» **Problem**
Leave the pictures out. Return the rest of the listing below exactly.

» **Information supplied**
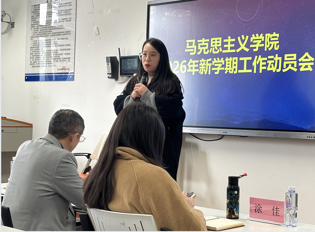 2026年2月26日上午,马克思主义学院在主教206召开2026年新学期工作动员会。学院全体教职工参加了会议,会议由副院长张沙沙主持。
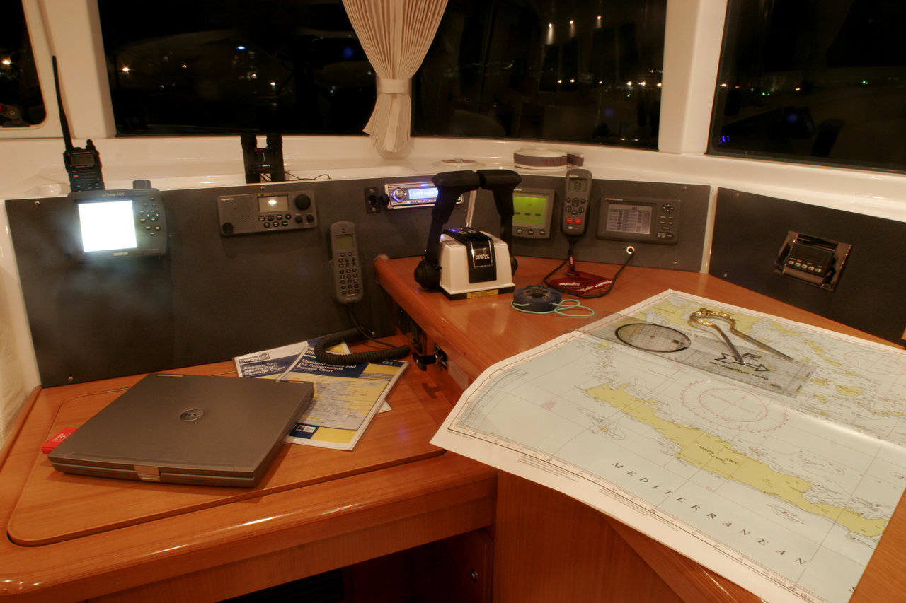 | Navigation | Barometer, Fernglas, GPS mit Kartenplotter im Cockpit, Handpeilkompass, Kompass, Navigationsbesteck, Radar, Seekarten, Tridata (Log, Echolot, Windm.) |
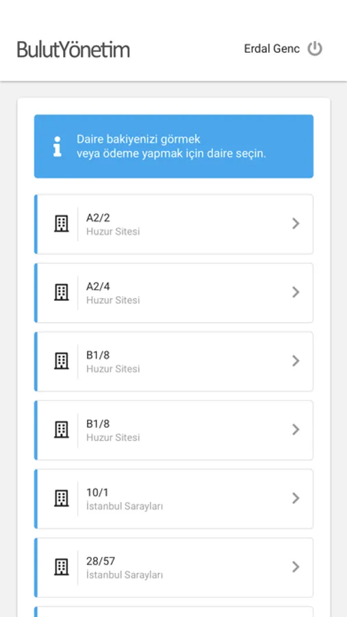 * İlgili olduğunuz tüm daire bilgilerine tek bir ekrandan ulaşabilir,

» **Response area**
 2026年2月26日上午,马克思主义学院在主教206召开2026年新学期工作动员会。学院全体教职工参加了会议,会议由副院长张沙沙主持。
 | Navigation | Barometer, Fernglas, GPS mit Kartenplotter im Cockpit, Handpeilkompass, Kompass, Navigationsbesteck, Radar, Seekarten, Tridata (Log, Echolot, Windm.) |
 * İlgili olduğunuz tüm daire bilgilerine tek bir ekrandan ulaşabilir,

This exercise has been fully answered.